▶ _INSTRUCTIONS TO FOLLOW_
Pictures aside, repeat the whole listing word for word.

▶ _DATASET CONTENT_
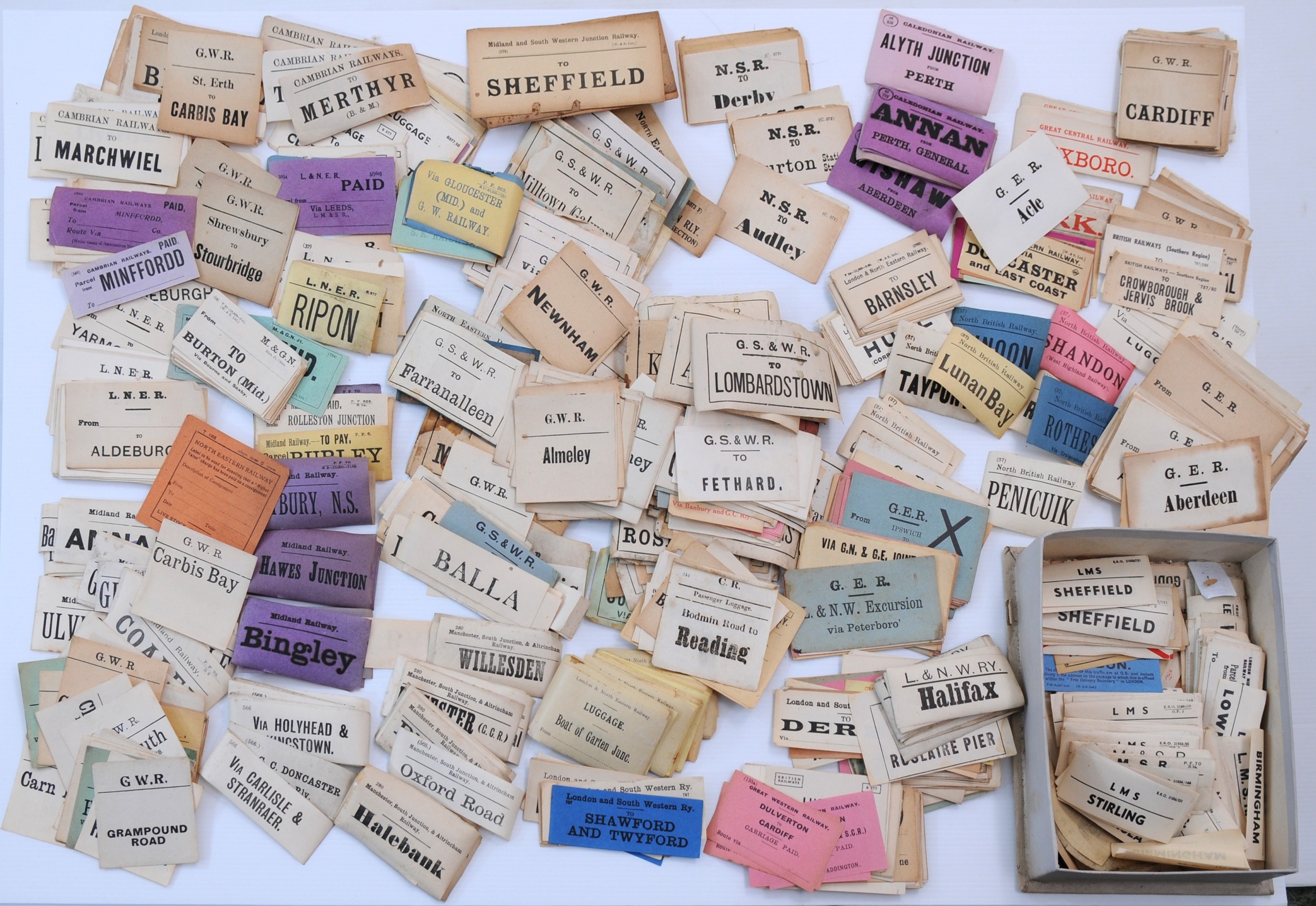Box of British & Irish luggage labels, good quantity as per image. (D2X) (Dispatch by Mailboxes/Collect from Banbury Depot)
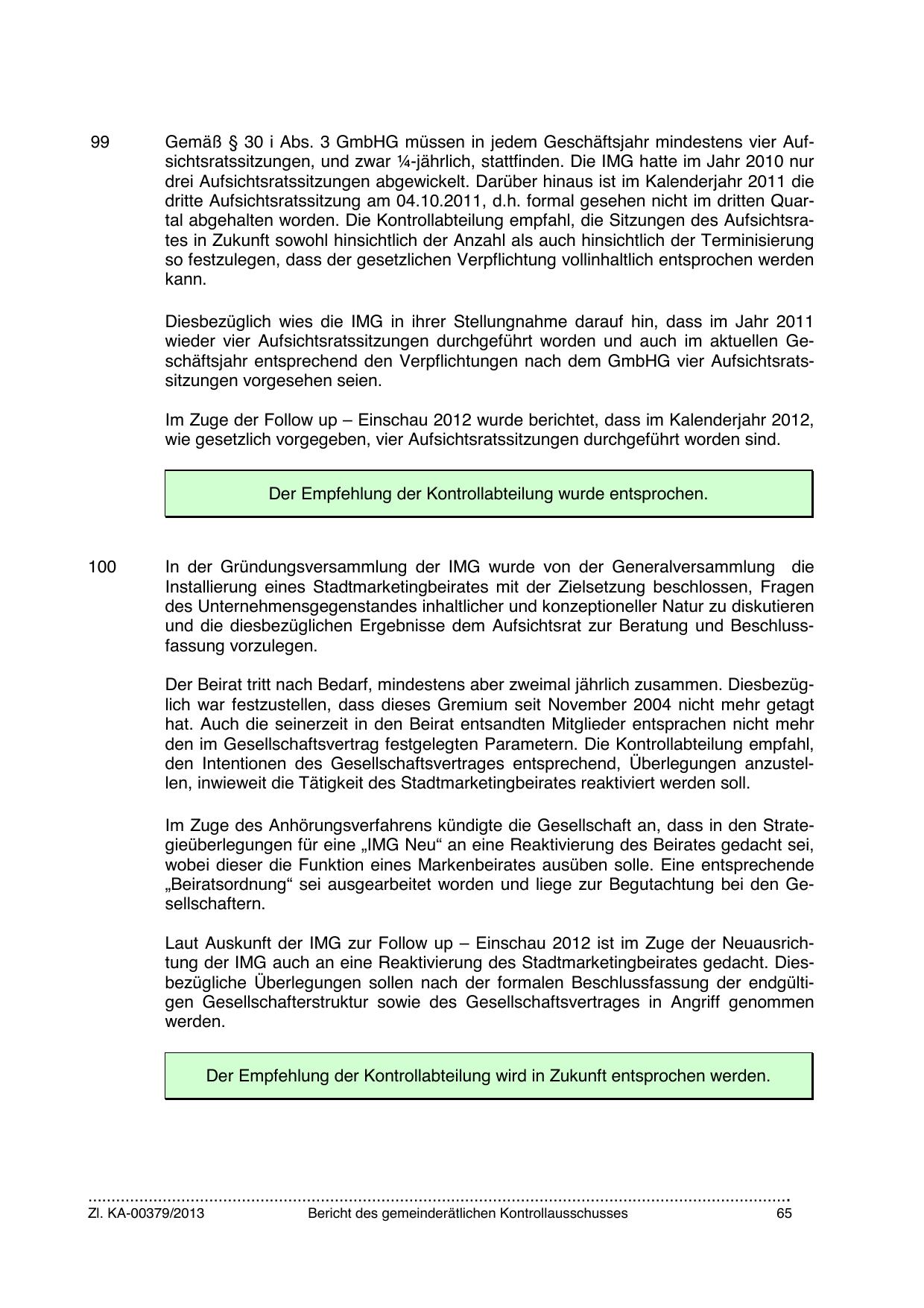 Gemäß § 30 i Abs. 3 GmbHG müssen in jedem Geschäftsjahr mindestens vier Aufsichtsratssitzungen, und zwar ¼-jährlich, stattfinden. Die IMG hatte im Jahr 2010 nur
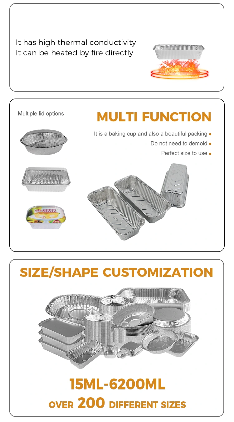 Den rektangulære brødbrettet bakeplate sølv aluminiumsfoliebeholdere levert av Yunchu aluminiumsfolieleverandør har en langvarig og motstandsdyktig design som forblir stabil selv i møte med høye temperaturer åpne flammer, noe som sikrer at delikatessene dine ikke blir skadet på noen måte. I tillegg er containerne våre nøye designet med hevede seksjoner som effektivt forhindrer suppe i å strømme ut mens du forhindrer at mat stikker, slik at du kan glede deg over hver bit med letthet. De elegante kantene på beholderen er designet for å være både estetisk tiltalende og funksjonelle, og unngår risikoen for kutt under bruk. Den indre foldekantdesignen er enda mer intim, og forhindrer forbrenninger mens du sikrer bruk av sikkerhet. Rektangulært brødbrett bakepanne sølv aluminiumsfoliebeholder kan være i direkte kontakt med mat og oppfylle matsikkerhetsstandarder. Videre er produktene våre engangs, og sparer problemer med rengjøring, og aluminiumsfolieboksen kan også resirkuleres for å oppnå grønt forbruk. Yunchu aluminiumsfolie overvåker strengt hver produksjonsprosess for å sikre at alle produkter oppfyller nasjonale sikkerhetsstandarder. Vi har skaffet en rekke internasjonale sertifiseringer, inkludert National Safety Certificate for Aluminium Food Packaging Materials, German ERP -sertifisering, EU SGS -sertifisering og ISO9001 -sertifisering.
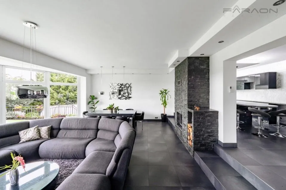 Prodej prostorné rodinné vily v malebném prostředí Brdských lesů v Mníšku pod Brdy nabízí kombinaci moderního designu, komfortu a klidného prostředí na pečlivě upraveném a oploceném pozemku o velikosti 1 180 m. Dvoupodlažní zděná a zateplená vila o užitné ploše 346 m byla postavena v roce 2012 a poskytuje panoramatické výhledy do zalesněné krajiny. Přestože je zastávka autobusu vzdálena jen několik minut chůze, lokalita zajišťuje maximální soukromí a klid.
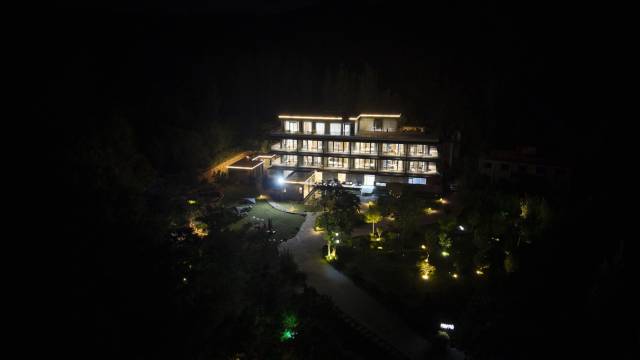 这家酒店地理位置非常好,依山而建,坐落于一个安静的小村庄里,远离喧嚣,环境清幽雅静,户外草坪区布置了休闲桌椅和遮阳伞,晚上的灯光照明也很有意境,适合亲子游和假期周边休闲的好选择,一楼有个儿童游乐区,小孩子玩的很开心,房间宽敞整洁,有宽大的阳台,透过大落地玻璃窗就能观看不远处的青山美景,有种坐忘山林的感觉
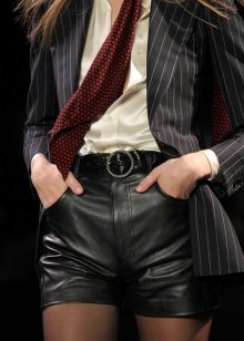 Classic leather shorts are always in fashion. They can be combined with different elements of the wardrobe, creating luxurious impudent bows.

▶ _REPLY_
Box of British & Irish luggage labels, good quantity as per image. (D2X) (Dispatch by Mailboxes/Collect from Banbury Depot)
 Gemäß § 30 i Abs. 3 GmbHG müssen in jedem Geschäftsjahr mindestens vier Aufsichtsratssitzungen, und zwar ¼-jährlich, stattfinden. Die IMG hatte im Jahr 2010 nur
 Den rektangulære brødbrettet bakeplate sølv aluminiumsfoliebeholdere levert av Yunchu aluminiumsfolieleverandør har en langvarig og motstandsdyktig design som forblir stabil selv i møte med høye temperaturer åpne flammer, noe som sikrer at delikatessene dine ikke blir skadet på noen måte. I tillegg er containerne våre nøye designet med hevede seksjoner som effektivt forhindrer suppe i å strømme ut mens du forhindrer at mat stikker, slik at du kan glede deg over hver bit med letthet. De elegante kantene på beholderen er designet for å være både estetisk tiltalende og funksjonelle, og unngår risikoen for kutt under bruk. Den indre foldekantdesignen er enda mer intim, og forhindrer forbrenninger mens du sikrer bruk av sikkerhet. Rektangulært brødbrett bakepanne sølv aluminiumsfoliebeholder kan være i direkte kontakt med mat og oppfylle matsikkerhetsstandarder. Videre er produktene våre engangs, og sparer problemer med rengjøring, og aluminiumsfolieboksen kan også resirkuleres for å oppnå grønt forbruk. Yunchu aluminiumsfolie overvåker strengt hver produksjonsprosess for å sikre at alle produkter oppfyller nasjonale sikkerhetsstandarder. Vi har skaffet en rekke internasjonale sertifiseringer, inkludert National Safety Certificate for Aluminium Food Packaging Materials, German ERP -sertifisering, EU SGS -sertifisering og ISO9001 -sertifisering.
 Prodej prostorné rodinné vily v malebném prostředí Brdských lesů v Mníšku pod Brdy nabízí kombinaci moderního designu, komfortu a klidného prostředí na pečlivě upraveném a oploceném pozemku o velikosti 1 180 m. Dvoupodlažní zděná a zateplená vila o užitné ploše 346 m byla postavena v roce 2012 a poskytuje panoramatické výhledy do zalesněné krajiny. Přestože je zastávka autobusu vzdálena jen několik minut chůze, lokalita zajišťuje maximální soukromí a klid.
 这家酒店地理位置非常好,依山而建,坐落于一个安静的小村庄里,远离喧嚣,环境清幽雅静,户外草坪区布置了休闲桌椅和遮阳伞,晚上的灯光照明也很有意境,适合亲子游和假期周边休闲的好选择,一楼有个儿童游乐区,小孩子玩的很开心,房间宽敞整洁,有宽大的阳台,透过大落地玻璃窗就能观看不远处的青山美景,有种坐忘山林的感觉
 Classic leather shorts are always in fashion. They can be combined with different elements of the wardrobe, creating luxurious impudent bows.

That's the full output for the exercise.